Try it: The lines in the listing below are to be given again exactly, starting at the line holding "우리는 다리 옆면을 겨우" and ending at the line holding "Walkshort Volcom Frickin". Do not include pictures.

** Opening Available data block **

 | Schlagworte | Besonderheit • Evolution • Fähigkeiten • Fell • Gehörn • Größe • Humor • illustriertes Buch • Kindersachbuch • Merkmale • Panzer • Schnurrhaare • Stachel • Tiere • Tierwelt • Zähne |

** Closing Available data block **
** Opening Available data block **

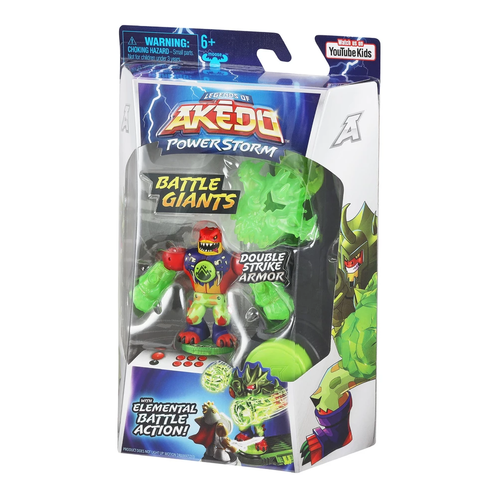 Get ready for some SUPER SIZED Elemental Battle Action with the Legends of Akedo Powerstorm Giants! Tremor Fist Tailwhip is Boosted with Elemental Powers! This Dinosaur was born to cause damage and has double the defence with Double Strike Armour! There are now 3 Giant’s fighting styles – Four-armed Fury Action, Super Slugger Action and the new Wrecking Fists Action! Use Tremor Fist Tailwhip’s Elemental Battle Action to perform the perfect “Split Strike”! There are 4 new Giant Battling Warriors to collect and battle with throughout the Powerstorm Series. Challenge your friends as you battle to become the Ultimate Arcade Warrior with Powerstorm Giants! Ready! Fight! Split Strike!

** Closing Available data block **
** Opening Available data block **

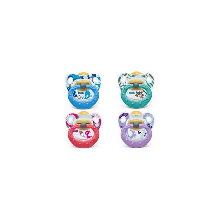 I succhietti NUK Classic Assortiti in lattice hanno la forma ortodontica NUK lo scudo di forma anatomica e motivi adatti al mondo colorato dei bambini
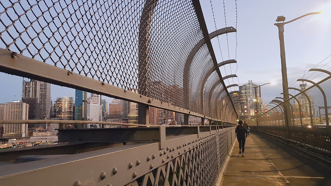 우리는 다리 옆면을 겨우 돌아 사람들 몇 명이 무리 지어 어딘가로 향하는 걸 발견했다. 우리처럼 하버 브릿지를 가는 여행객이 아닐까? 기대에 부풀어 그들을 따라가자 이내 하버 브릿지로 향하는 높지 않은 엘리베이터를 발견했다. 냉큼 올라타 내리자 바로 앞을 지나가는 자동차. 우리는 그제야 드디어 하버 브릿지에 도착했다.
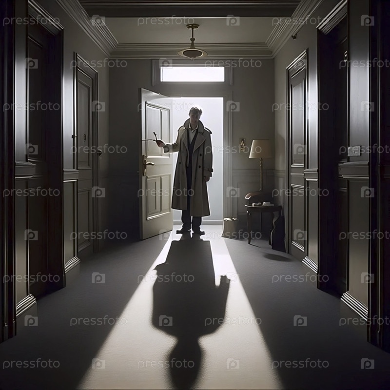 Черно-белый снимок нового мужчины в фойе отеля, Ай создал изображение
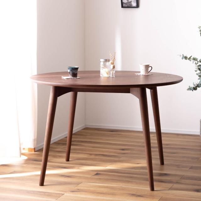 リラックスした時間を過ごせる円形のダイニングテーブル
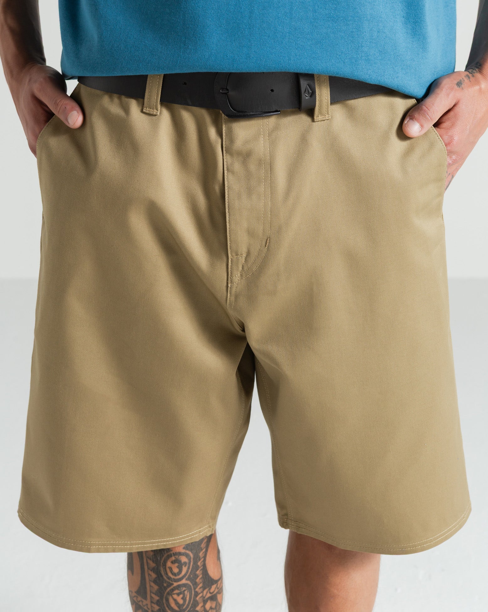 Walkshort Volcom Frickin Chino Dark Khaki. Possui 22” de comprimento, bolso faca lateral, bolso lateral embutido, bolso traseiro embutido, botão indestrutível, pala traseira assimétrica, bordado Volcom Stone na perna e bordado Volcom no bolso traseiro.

** Closing Available data block **

Exercise answer:
 우리는 다리 옆면을 겨우 돌아 사람들 몇 명이 무리 지어 어딘가로 향하는 걸 발견했다. 우리처럼 하버 브릿지를 가는 여행객이 아닐까? 기대에 부풀어 그들을 따라가자 이내 하버 브릿지로 향하는 높지 않은 엘리베이터를 발견했다. 냉큼 올라타 내리자 바로 앞을 지나가는 자동차. 우리는 그제야 드디어 하버 브릿지에 도착했다.
 Черно-белый снимок нового мужчины в фойе отеля, Ай создал изображение
 リラックスした時間を過ごせる円形のダイニングテーブル
 Walkshort Volcom Frickin Chino Dark Khaki. Possui 22” de comprimento, bolso faca lateral, bolso lateral embutido, bolso traseiro embutido, botão indestrutível, pala traseira assimétrica, bordado Volcom Stone na perna e bordado Volcom no bolso traseiro.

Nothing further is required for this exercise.